Processing that happens before tokenising
This document's description of tokenising takes a sequence of characters as input.
rustc
obtains that sequence of characters as follows:
This description is taken from the Input format chapter of the Reference.
Source encoding
Each source file is interpreted as a sequence of Unicode characters encoded in UTF-8. It is an error if the file is not valid UTF-8.
Byte order mark removal
If the first character in the sequence is U+FEFF
(BYTE ORDER MARK), it is removed.
CRLF normalization
Each pair of characters U+000D
CR immediately followed by U+000A
LF is replaced by a single U+000A
LF.
Other occurrences of the character U+000D
CR are left in place (they are treated as whitespace).

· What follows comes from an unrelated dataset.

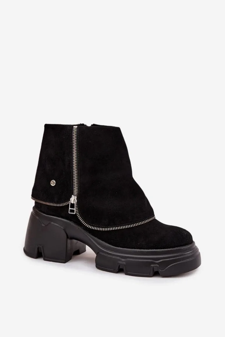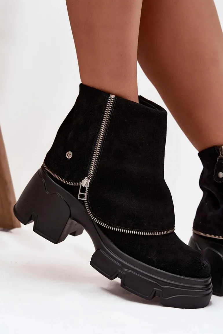 Botki damskie marki Maciejka to propozycja, która łączy oryginalny wygląd z wygodą użytkowania. Wykonane z wysokiej jakości naturalnej skóry, prezentują się elegancko i są niezwykle trwałe. Model został osadzony na stabilnym obcasie w formie klocka oraz platformie, co zapewnia komfort i pewność kroków. Charakterystycznym elementem butów jest efekt wywiniętej cholewki, który nadaje im nietuzinkowego stylu i sprawia, że wyróżniają się na tle klasycznych modeli. Wnętrze ocieplone miękkim, przyjemnym w dotyku materiałem gwarantuje ciepło i wygodę w chłodniejsze dni. Dzięki praktycznemu zapięciu na zamek botki są łatwe w zakładaniu i zdejmowaniu. To oryginalny i stylowy model, który świetnie uzupełni jesienno-zimowe stylizacje, dodając im elegancji i charakteru. Przy wyborze rozmiaru prosimy sugerować się tabelą rozmiarów.

Note: this document's description of tokenisation doesn't assume that the sequence CRLF never appears in its input; that makes it more general than necessary, but should do no harm.
In particular, in places where the Reference says that tokens may not contain "lone CR", this description just says that any CR is rejected.
Shebang removal
If the remaining sequence begins with the characters #!, the characters up to and including the first U+000A
LF are removed from the sequence.
For example, the first line of the following file would be ignored:
#!/usr/bin/env rustx
fn main() {
println!("Hello!");
}
As an exception, if the #! characters are followed (ignoring intervening comments or whitespace) by a [
punctuation token, nothing is removed.
This prevents an inner attribute at the start of a source file being removed.
See open question: How to model shebang removal